Başkasına Yük Olmadan Yaşamak; Helâl Maîşet Temini

Başkasına Yük Olmadan Yaşamak

Başkasına Yük Olmadan Yaşamak;
Helâl Maîşet Temini:



Cenâb-ı Hak, "Yeryüzünü size
boyun eğdiren (ondan yararlanmanız için size itâat ettiren) Allah Teâlâ'dır. O
halde yeryüzünün sırtlarında (dağlarında tepelerinde ve ovalarında) dolaşın da
Allah'ın size verdiği rızıklardan yararlanın." (67/Mülk, 15). buyurmuştur.
Yeryüzünde dolaşmaktan maksat insanlara faydalı olan nîmetlerin ortaya
çıkarılmasını sağlamak ve bunun için araştırma yapmaktır. Cenâb-ı Allah
yeryüzünü insanlar için rızık sağlama yeri kılmıştır. Abdullah b. Mes'ud
(r.a.)'tan rivayet edilen bir hadîste Hz. Peygamber (s.a.s.) şöyle
buyurmuşlardır: "Rızık sağlamak gayesiyle çalışmak her müslüman üzerine
farzdır. " Buna göre müslümanlar helâl ve haramlara dikkat ederek
kendilerinin ve aile ferdlerinin rızıklarını sağlamak zorundadırlar.
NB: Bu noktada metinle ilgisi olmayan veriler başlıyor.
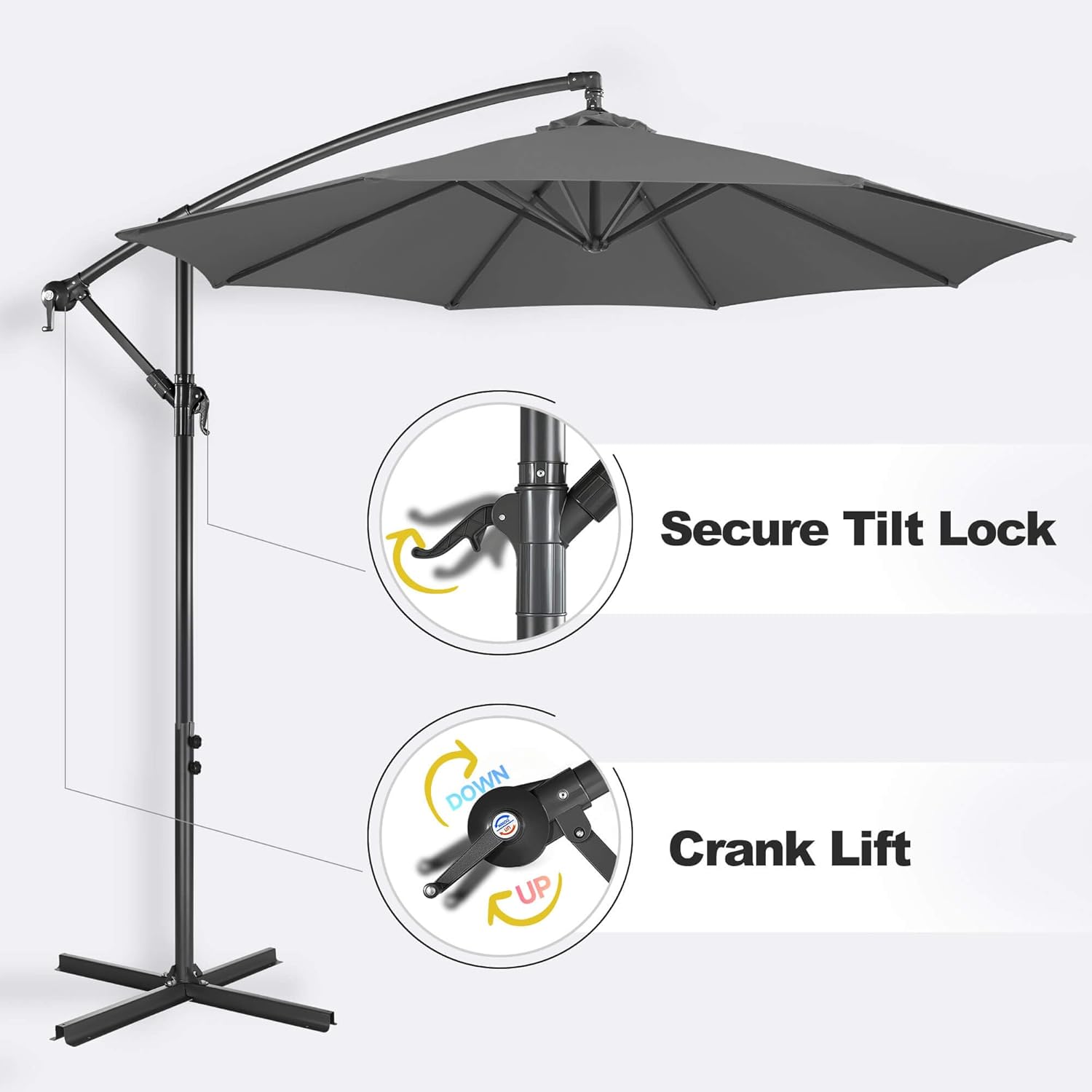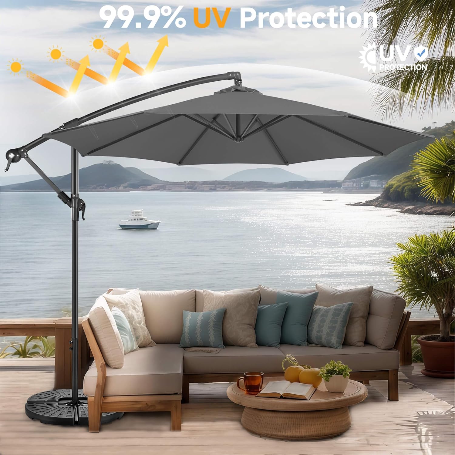 - Note: This cantilever patio umbrellas come with a lightweight cross base (stand only) and requires a minimum 100lbs (45kg) weighted base or sandbags for safe, stable use (compatible bases: B0795SD1JS, B0CKSG7M4W). Protect your investment from rain, snow, and wear with our durable weatherproof cover (B0DRYPXVDW) to double its lifespan—because luxury shade should last

Ancak bu
rızkı sağlamak için çalışıldığında mutlaka Allah'ın rızası ve O'nun koyduğu
sınırlar gözetilmelidir. Hz. Ebû Bekr'in: "Haram ile beslenen bir vücûda ancak
Cehennem ateşi yakışır." sözü müslümanın rızık temini ve alış-veriş anlayışını
en güzel bir şekilde belirtmektedir. Ashâbın helâl alışveriş yapmak ve
haramlardan uzak durmak için şüpheli olan hususları bile terk ettiklerini
biliyoruz.

Aynı şekilde İslâm, çalışıp
kazanabilme gücüne sahip olan bir kimsenin dilenmesini yasaklamıştır. Hz.
Peygamber (s.a.s.) şöyle buyurmaktadır: "Allah'a yemin ederim ki sizden
birinizin, ipini alıp da, dağdan bir bağ odunu taşıyıp getirmesi ve bu odunu
satıp onunla ailesinin ve kendisinin geçimini sağlaması, başka birinden
istemesinden çok hayırlıdır. Kim bilir yardım istediğiniz kimse ya verir
minnetine girersin, yahut vermez zilletini çekersin. " (Buhârî Musâkât, 13,
Zekât, 50, Buyû', 15; İbn Mâce, Zekat, 25; İbn Hanbel, I, 167)". Buna göre,
çalışmaya gücü yeten kimsenin dilenmesi meşrû değildir.